Work required:
Output only the lines below from the one holding "花芽が長く伸びて折れてしまい" down to the one holding "3、点击注册跳转如下页面,按", both end lines included and every picture dropped.

--- START ---

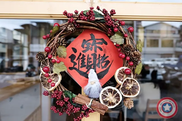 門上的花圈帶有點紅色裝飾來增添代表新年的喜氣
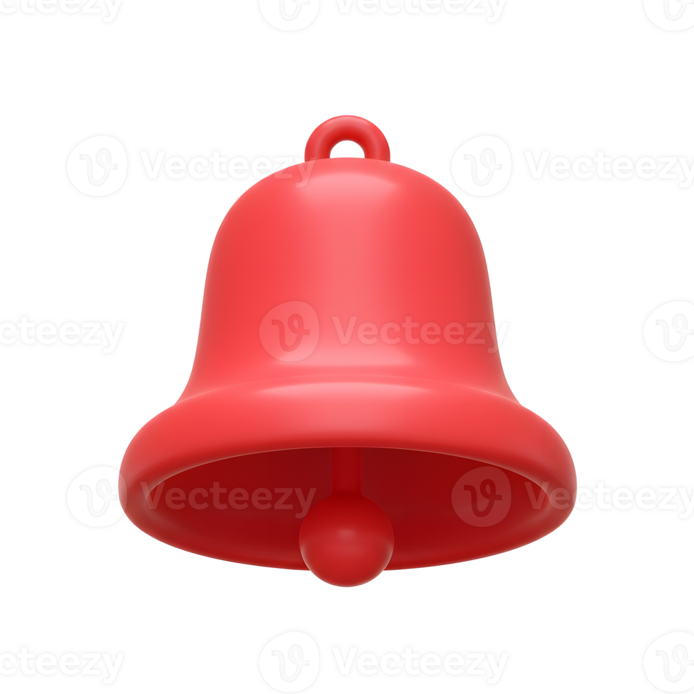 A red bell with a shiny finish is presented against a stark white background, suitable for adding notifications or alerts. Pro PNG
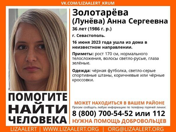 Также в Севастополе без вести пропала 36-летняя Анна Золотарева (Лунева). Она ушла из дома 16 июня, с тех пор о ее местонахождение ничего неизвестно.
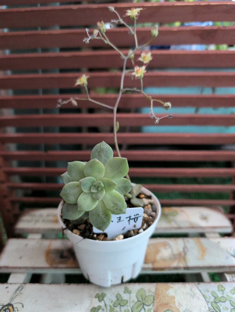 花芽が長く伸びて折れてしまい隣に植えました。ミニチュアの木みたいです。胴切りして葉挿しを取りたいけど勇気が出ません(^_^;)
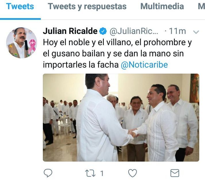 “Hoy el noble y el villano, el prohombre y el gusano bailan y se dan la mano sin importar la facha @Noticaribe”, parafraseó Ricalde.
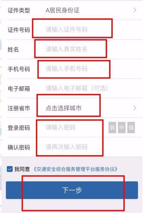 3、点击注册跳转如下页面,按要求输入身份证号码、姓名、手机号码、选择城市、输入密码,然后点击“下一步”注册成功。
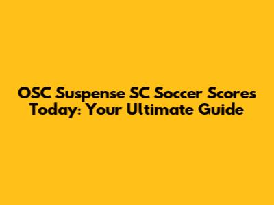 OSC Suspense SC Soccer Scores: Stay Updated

--- END ---

Answer to the exercise:
 花芽が長く伸びて折れてしまい隣に植えました。ミニチュアの木みたいです。胴切りして葉挿しを取りたいけど勇気が出ません(^_^;)
 “Hoy el noble y el villano, el prohombre y el gusano bailan y se dan la mano sin importar la facha @Noticaribe”, parafraseó Ricalde.
 3、点击注册跳转如下页面,按要求输入身份证号码、姓名、手机号码、选择城市、输入密码,然后点击“下一步”注册成功。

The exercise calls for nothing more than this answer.